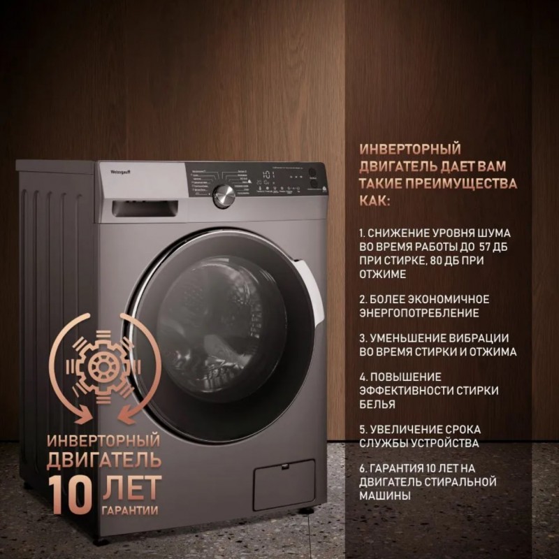 • 10 лет гарантии на инверторный двигатель - это живое подтверждение немецкой уверенности Weissgauff в качестве выпускаемой нами продукции!
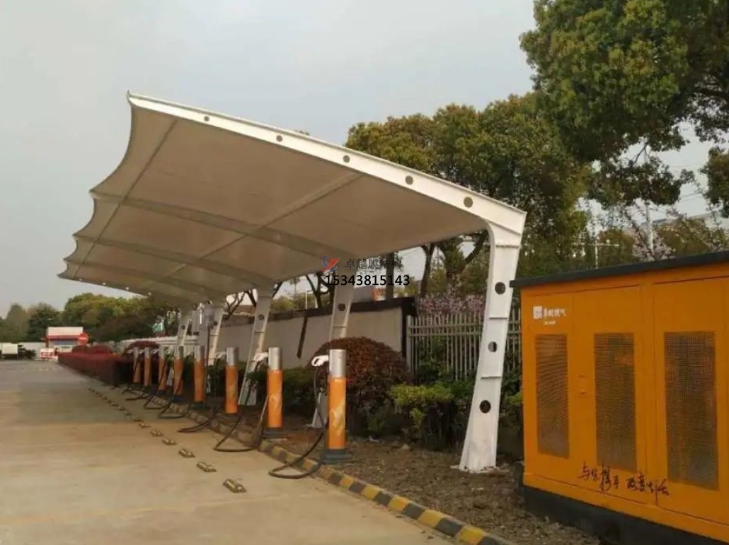 加氣站膜結(jié)構(gòu)雨棚是一種現(xiàn)代化的建筑形式,它采用高強(qiáng)度、高耐久性的膜材料,通過一定的技術(shù)手段和結(jié)構(gòu)設(shè)計(jì),形成一種具有獨(dú)特美學(xué)效果和實(shí)用功能的建筑形式。這種結(jié)構(gòu)形式在加氣站的應(yīng)用中,不僅可以提供寬敞、明亮的加油環(huán)境,還能有效地抵御各種惡劣天氣,提高顧客的舒適度和安全性。
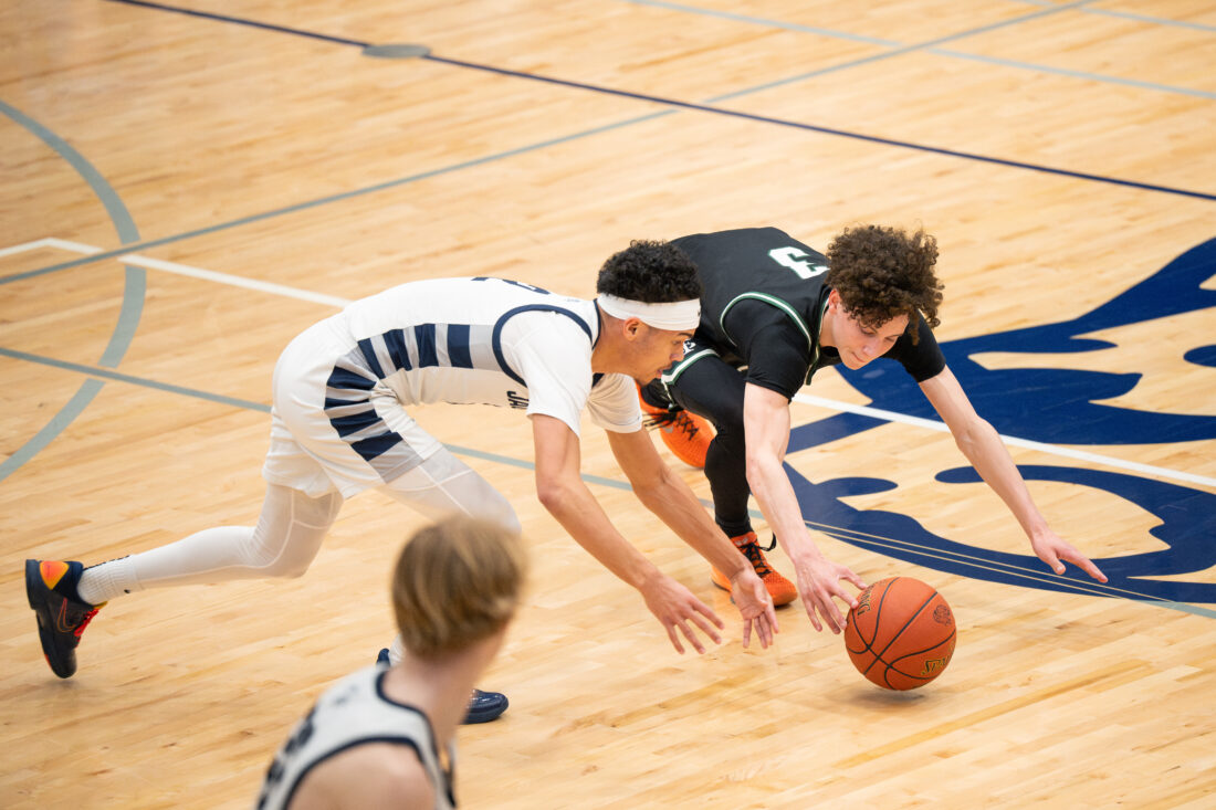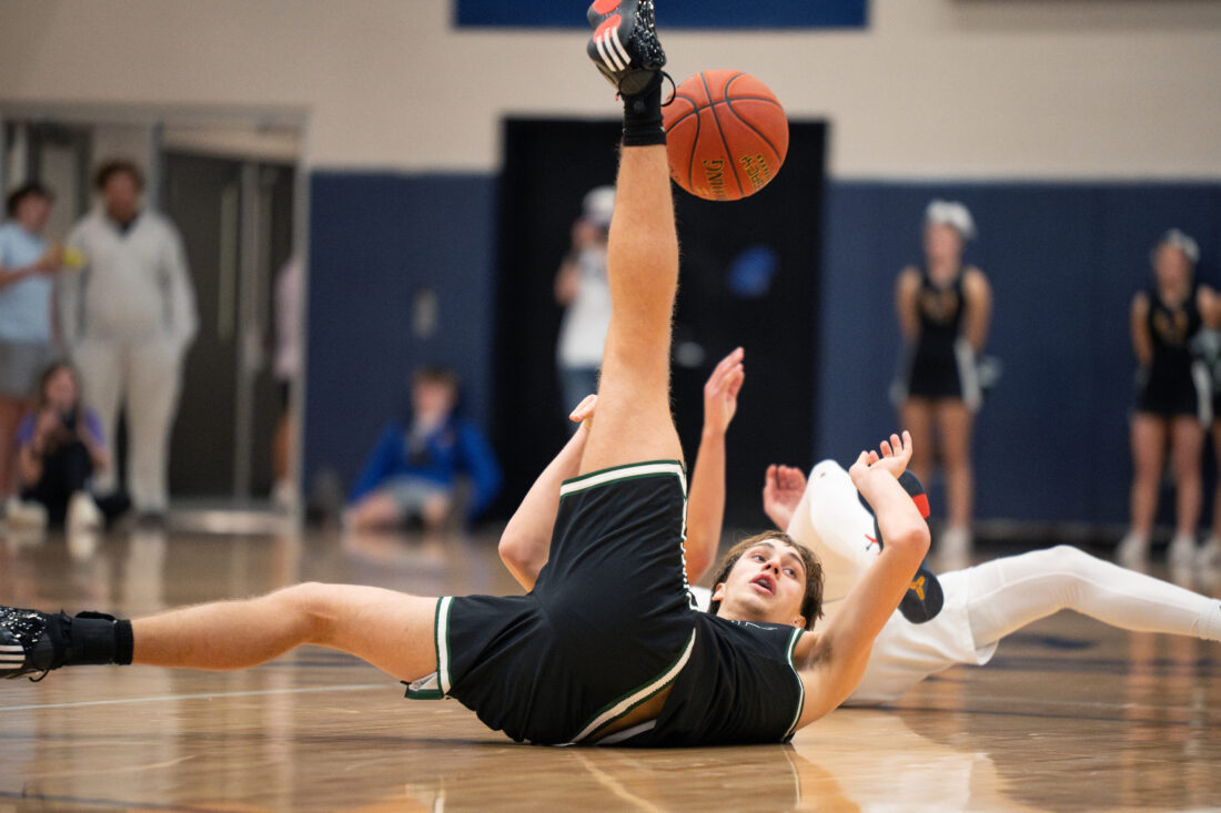 Free State sophomore Brendan Barrett dives for a loose ball at Mill Valley on Friday, Feb. 27, 2026 in Shawnee.
◆ ◆ ◆
Repeat the material above word for word, please, apart from its images.

 • 10 лет гарантии на инверторный двигатель - это живое подтверждение немецкой уверенности Weissgauff в качестве выпускаемой нами продукции!
 加氣站膜結(jié)構(gòu)雨棚是一種現(xiàn)代化的建筑形式,它采用高強(qiáng)度、高耐久性的膜材料,通過一定的技術(shù)手段和結(jié)構(gòu)設(shè)計(jì),形成一種具有獨(dú)特美學(xué)效果和實(shí)用功能的建筑形式。這種結(jié)構(gòu)形式在加氣站的應(yīng)用中,不僅可以提供寬敞、明亮的加油環(huán)境,還能有效地抵御各種惡劣天氣,提高顧客的舒適度和安全性。
 Free State sophomore Brendan Barrett dives for a loose ball at Mill Valley on Friday, Feb. 27, 2026 in Shawnee.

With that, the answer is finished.